Ayr Thistle
- Full name: Ayr Thistle Football Club
- Nickname(s): the Thistle
- Founded: 1886
- Dissolved: 1889
- Ground: Cattle Market Field
- Hon. President: J. Douglas Baird Esq.
- President: Wm. Miller Esq.
- Match Secretary: R. Paterson
| Home colours |

= Ayr Thistle F.C. (1886) =

Former association football club in Scotland

Ayr Thistle Football Club was an association football club from Ayr, Ayrshire, Scotland.

==History==

The club was founded at a meeting at the Cattle Market Hotel in Ayr on Christmas Eve in 1886, on the basis that "the prestige of the Ayr Football Club seems to be a little on the wane, and interest in football matters generally seems to be dying"; the other senior club in the town, Ayr Rovers, was evidently not worthy of consideration. The club took the name Ayr Thistle in emulation of the previous club of that name.

The Thistle's first match was on New Year's Day, at home to Hurlford, and the attraction of the new team - plus the strength of its side - was such that Hurlford preferred the friendly to playing in the Ayrshire Charity Cup against Ayr Rovers. The Thistle still had not had time to build up a team, and borrowed Monaghan - who had recently moved from Ayr F.C. to Queen of the South Wanderers - to play in goal, but Thistle had still recruited Andrew Young from Ayr as captain, as well as M'Creadie, M'Lauchlan, John Fergusson, and Jack from the Ayr side. Despite the lack of team practice, and the strength of a Hurlford side which held the Ayrshire Cup, the home side only lost 6–4.

The club was too late to enter the Ayrshire Cup for 1886–87, but did enter in 1887–88, as well as the 1887–88 Scottish Cup, having joined the Scottish Football Association in August 1887. It lost both of its first round ties 8–2; at Kilmarnock in the national and Kilbirnie in the county.

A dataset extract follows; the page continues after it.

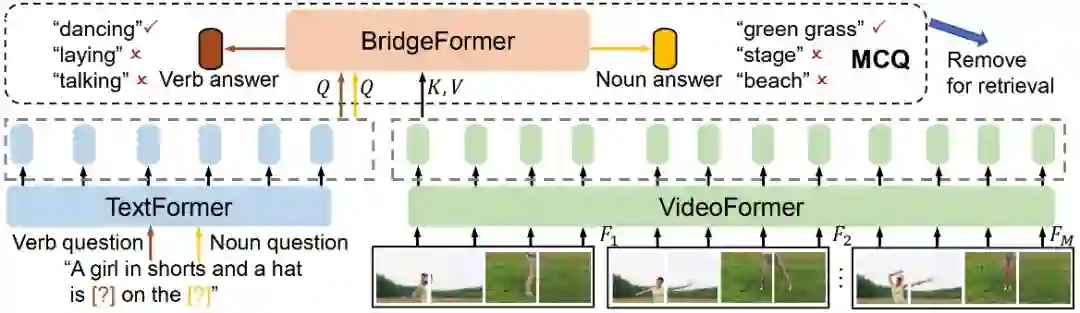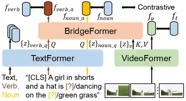 如下图所示,该研究的方法包含一个视频编码器 VideoFormer,用来从原始的视频帧提取视频特征;一个文本编码器 TextFormer,用来从自然语言提取文本特征。该研究通过抹去文本描述里的名词短语或动词短语,来分别构造名词问题和动词问题。以对比学习的形式,训练 BridgeFormer 通过求助 VideoFormer 提取到的局部视频特征,从多个选项里挑选出正确的答案。这里,多个选项由一个训练批次里所有被抹去的短语构成。

In Kilmarnock tie, Thistle briefly looked as if it could pull off a surprising comeback, bringing the score from 5–0 at half-time to 5–2 going into the last quarter of the game, but Kilmarnock scored three late goals. Kilbirnie was so comfortable in the county tie that it could undertake some tactical experimentation by swapping the backs and the wings.

In between the ties however the Thistle unexpectedly beat Ayr in a friendly 4–3, but the two cup defeats, followed by an 11–3 defeat for a weak side at Queen of the South Wanderers, seems to have dispirited the club, and the number of games it scheduled fell off alarmingly. The club's anniversary match was a muted affair, a 3–1 defeat to Mauchline with a "limited" attendance. The club fell apart even before the end of the club's first full season; it scratched from a tie in the Ayr Charity Cup with Shields Athletic, with reports that the Thistle had "broken up". The club was not quite dead yet, but the formation of Ayr Athletic, to replace an Ayr side moving to the north side of the river, and taking on some of the Thistle players and ground, killed off the club. Thistle had entered the 1888–89 Scottish Cup and was drawn to host the 2nd Ayrshire Rifle Volunteers in the first round, but scratched from the tie on the eve of the fixture.

The final indignity was that Young, James Donaldson, and James Robertson, as members of the club, faced a claim for £13 from Messrs W. & G. Ferguson, joiners, for the cost of erecting the clubhouse. Young claimed that he had left the club before the clubhouse was started; the sheriff held that the membership as a whole was responsible for payment of the defunct club's debts.

==Colours==

The club wore blue and yellow hoops with blue knickers.

==Ground==

The club's ground was at the Cattle Market Field in Ayr.